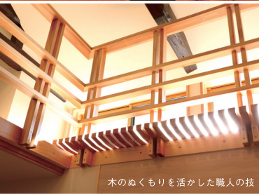
木のぬくもりを活かした職人の技
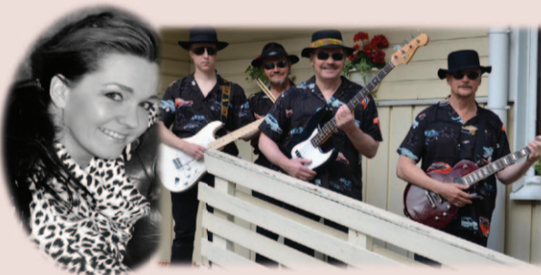
Armi ja Eldorado
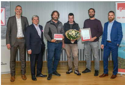
Gewinner Wertschätzungspreis Von Rotz & Wiedemar AG

◆ ◆ ◆

Task statement ->
Pictures in the data above should not be copied; transcribe everything else exactly.

Output of the task ->
木のぬくもりを活かした職人の技
Armi ja Eldorado
Gewinner Wertschätzungspreis Von Rotz & Wiedemar AG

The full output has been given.